Comment le coup de force de Kaïs Saïed du 25-juillet est-il perçu en Occident, notamment chez l’Intelligentsia italienne, très au fait de ce qui se passe en Tunisie eu égard à la proximité géographique, historique et culturelle entre Carthage et le pays de Garibaldi ?
Un article ayant fait la Une de plusieurs quotidiens italiens à l’instar de la Stampa et Il manifesto dans son édition du 22 janvier en cours et relayé par nos confrères du Courrier de l’Atlas, mais curieusement ignoré par les médias tunisiens.
Des signatures prestigieuses
En effet, parmi les signataires, figurent des universitaires italiens de Florence, Bologne, Palerme, Rome, Turin ou des expatriés qui exercent dans des prestigieuses universités étrangères comme New York, Londres, Lausanne, Rio de Janeiro… ainsi que des journalistes appartenant à de renommés titres comme Il Manifesto ou la Stampa. Ces intellectuels ont signé une pétition appelant à retirer le doctorat honoris causa au président tunisien Kaïs Saïed qui lui avait été décerné l’an dernier à Rome.
Une conférence sur…la Constitution
Pour rappel, en marge de sa visite officielle de deux jours en Italie à l’invitation de son homologue italien, Sergio Mattarella, un doctorat honoris causa fut décerné par l’université La Sapienza de Rome, le 16 juin 2021 au président de la République, Kaïs Saïed.
À cette occasion le Président a donné une conférence d’une heure en langue arabe portant sur le droit de l’Islam en abordant l’origine de la Constitution dans l’histoire et sa place dans le monde musulman.

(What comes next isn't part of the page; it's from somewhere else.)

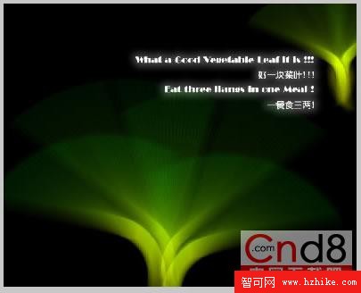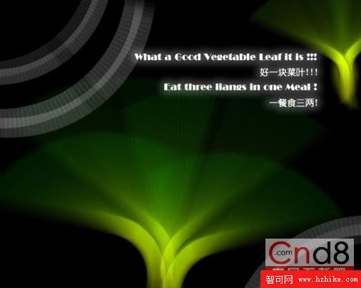 用相同的方法設計不同樣式的菜葉; 然後在一個600*480黑色背景的畫布上擺放好; 然後打上一些發光的文字作為裝飾。

Cette distinction honorifique, rappellent nos confrères du Courrier de l’Atlas, lui fut décerné « pour sa contribution à l’élaboration de la Constitution tunisienne de 2014 , ainsi que sa contribution décisive, scientifique et institutionnelle, à la cause du dialogue entre les divers systèmes juridiques dont le droit romain est la matrice historique essentielle, fondée sur le respect réciproque et la valorisation des droits humains ».
Griefs contre Kais Saied
Mais, moins d’un an plus tard, soulignent les signataires de la dite pétition, le président tunisien « suspendait le Parlement, révoquait le gouvernement et s’attribuait la quasi-totalité des pouvoirs avant de publier le 22 septembre un décret présidentiel qui peut s’imposer à la loi fondamentale ».
« Tout cela porte de sérieux doutes sur l’opportunité que les autorités académiques italiennes accordent une distinction au président tunisien. Sans prétendre que celles de la Sapienza pouvaient prévoir ce que Kaïs Saïed allait faire le 25 juillet qui a suivi l’attribution du doctorat honoris causa ».
Ainsi, argumentaient les initiateurs de la pétition, lesquels pointaient également du doigt « la dérive autoritaire imposée à la Tunisie, sous les yeux de tous. Ce nouveau scénario, qui va sûrement miner gravement les résultats acquis depuis la révolution de 2010 de laquelle est issue la Constitution aujourd’hui remise en question par Saïed, ne peut être ignoré de l’autorité académique qui a accordé une importante distinction à Kaïs Saïed.
Par conséquent, ont-ils ajouté : « Nous pensons qu’il serait souhaitable de retirer cette distinction au président tunisien et d’engager l’université italienne et l’opinion publique italienne et internationale à défendre les droits fondamentaux que le peuple tunisien s’est conquis en 2010, à un coût humain considérable, en chassant le dictateur Ben Ali et en faisant avancer la Tunisie sur la voie de la démocratie constitutionnelle ». Le verdict est sans appel.
Décidément, le Président Kais Saied a fort à faire pour apaiser les appréhensions des intellectuels et académiciens occidentaux et de les convaincre de ses bonnes intentions et de son attachement au respect des libertés.